I have a SQL query which works for single checks: SELECT trans_id from schema.table where trans_id like '%<trans_id>%' There're might be better approaches to query for, but that's not the point.

The database has aprox. 150k entries and I should check 30k of them if the trans_id exists. The problem I face is, that I don't know if the normal approach with joining works, because the trans_id which have to be queried from are not in the database (unfortunately excel :/).

I'm not allowed to add them to the database to join them.

My idea was to create some kind of script which I trigger via psql: (researched) psql -U postgres -d database -o /absolute_path/textfile.txt << EOF Query1; Query2; Query ....; EOF

But in my expectation that would result in writing 30k lines of the select statements to the EOF section. I doubt this works, not even talking about the effort.

also the Output should be routed to an local file, which shows:

trans_id exists
trans_id doesn't exists

Maybe some Loop with an array? But I don't now how.

Performance is not my goal in the first place.

Question 2

Have you tried modifying your query to be along the lines of SELECT trans_id FROM schema.table WHERE trans_id IN (<list of ids> - if you're just checking for existence, I'm not sure you'd want to use LIKE or any other fuzzy operator.

Question 3

You may pass batches of values, or even all the 30k values in a query through a VALUES clause. This is a common practice when querying a read-only server.

The query could look like this:

WITH list(pattern) as (
 values ('abc'), ('def'), ('ghi')
)
SELECT pattern,
 EXISTS (select 1 FROM tablename where trans_id like '%'||pattern||'%')
FROM list;

Be aware that the patterns should not contain % or _, or they should be escaped before being used with like. Same with ' on the values being injected into the VALUES clause.

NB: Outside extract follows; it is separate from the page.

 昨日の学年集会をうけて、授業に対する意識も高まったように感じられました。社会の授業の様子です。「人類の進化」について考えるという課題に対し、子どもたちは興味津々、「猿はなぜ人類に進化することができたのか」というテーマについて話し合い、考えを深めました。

EXISTS (subquery) returns a boolean which will be displayed as t or f

Depending on the string lengths and the kind of contents in this column, it might be faster to use strpos(trans_id, pattern)>0 instead of trans_id like '%'||pattern||'%'. Both produce the same result if pattern does not contain wildcards, but through different algorithms: recursive pattern matching with backtracking for like versus Boyer-Moore-Horspool algorithm for strpos.

Question 4

Thanks for this query. I have applied it and it worked partly: 30k of entries is still to large to handle -> Error message says: Request entity to large. I have to split it in to smaller sections unfortunately, but your query is a big help! Thanks a lot

Question 5

The query of Daniel Verite was really helpfull. Unfortunatelly after aprox 20sec query runtime I had timeout performance issues. Due I'm not allowed to adjust the config I wrote a looped script to workaround the problem.

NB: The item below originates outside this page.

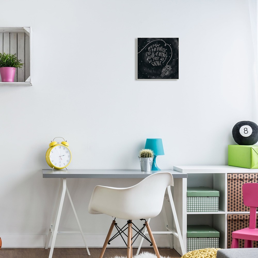 Proudly made in the USA, all of our wall plaques start off as high quality lithograph prints that are then mounted on durable 0.5 inch thick MDF wood. Each piece is hand finished and comes with a fresh layer of foil on the sides to give it a crisp clean look. It arrives ready to hang with no installation required, and comes with sturdy clear corners to keep it from damaging in transit.Features: Wall Art is Ready to Hang - No Installation or Hardware Needed. For Easy Set Up Lean or Layer Artwork on Shelf or Against Wall.All of our wall plaques start off as high quality lithograph prints that are then mounted on durable 0.5 inch thick MDF wood. Each piece is hand finished and comes with a fresh layer of foil on the sides to give it a crisp clean look. Made In USA.Artwork Relates To: Free Shipping Over $49.99* Details Stupell Motivational Brave Fearless Quote Astronaut Starry Sky Wood Wall Art - Product Description: Proudly made in the USA, all of our wall plaques start off as high quality lithograph prints that are then mounted on durable 0.5 inch thick MDF wood. Each piece is hand finished and comes with a fresh layer of foil on the sides to give it a crisp clean look. It arrives ready to hang with no installation required, and comes with sturdy clear corners to keep it from damaging in transit. Features: Wall Art is Ready to Hang - No Installation or Hardware Needed. For Easy Set Up Lean or Layer Artwork on Shelf or Against Wall. All of our wall plaques start off as high quality lithograph prints that are then mounted on durable 0.5 inch thick MDF wood. Each piece is hand finished and comes with a fresh layer of foil on the sides to give it a crisp clean look. Made In USA. Artwork Relates ToCalligraphy; Astronaut, Outer Space, Sky, Stars Design by Rachel Nieman

This fitted my purposes best:

Solution as follows: -> create a conf file to provide all paramters of course -> usage of psycopg2 for database connects via postgres and python -> numpy for handling I/O files

import psycopg2
from psycopg2 import Error
import numpy as np
from configparser import SafeConfigParser
def get_config_parameter(conf_file,section, parameter):
 config_object = SafeConfigParser()
 config_object.read(conf_file)
 
 return str(config_object.get(section ,parameter))
dbpassword = get_config_parameter('db.conf', 'PROD ENV', 'dbusername')
dbusername = get_config_parameter('db.conf', 'PROD ENV', 'dbusername')
dbhost = get_config_parameter('db.conf', 'PROD ENV', 'dbhost')
dbname = get_config_parameter('db.conf', 'PROD ENV', 'dbname')
input_file_name = get_config_parameter('db.conf', 'PROD ENV', 'input_file_name')
output_result_file = get_config_parameter('db.conf', 'PROD ENV', 'output_result_file')
chunksize = 500
eculist = np.loadtxt(input_file_name, dtype="str")
ecu_chunks = ""
ecu_chunk_list = []
for ecu in eculist:
 ecu_chunk_list.append(f"('{ecu}'), ")
def query(dbusername, dbpassword, dbhost, dbname, query_input):
 try:
 connection = psycopg2.connect(user=dbusername, password=dbpassword, host=dbhost, database=dbname)
 # create a cursor to perform database operations
 cursor = connection.cursor()
 print("CONNECTED:", connection.get_dsn_parameters(), ": \n")
 try:
 query = f"WITH list(pattern) as (values {query_input}) SELECT pattern, EXISTS (select 1 FROM mule.transactions WHERE transaction_id LIKE '%'||pattern||'%') FROM list;"
 print('query in progress... please wait')
 cursor.execute(query)
 result = str(cursor.fetchall())
 return result
 except (Exception, Error) as error:
 print("SQL: Error while executing query:", error)
 except (Exception, Error) as error:
 print("NOT CONNECTED: Error while connection to Database:", error)
 finally:
 if connection:
 cursor.close()
 connection.close()
 print("Database connection closed!")
result = ""
out_text = ""
for i in range(0,len(ecu_chunk_list),chunksize):
 test = str(ecu_chunk_list[i:i+chunksize]).replace('", "','').replace('"','')
 length = len(test)
 test = test[1:length -3]
 result = query(dbusername,dbpassword,dbhost,dbname, test)
 out_text = out_text + result
save_file = open(output_result_file, 'w+')
save_file.write(out_text)
save_file.close()

Of course you can get rid of all the fail-safe but I think it's usefull.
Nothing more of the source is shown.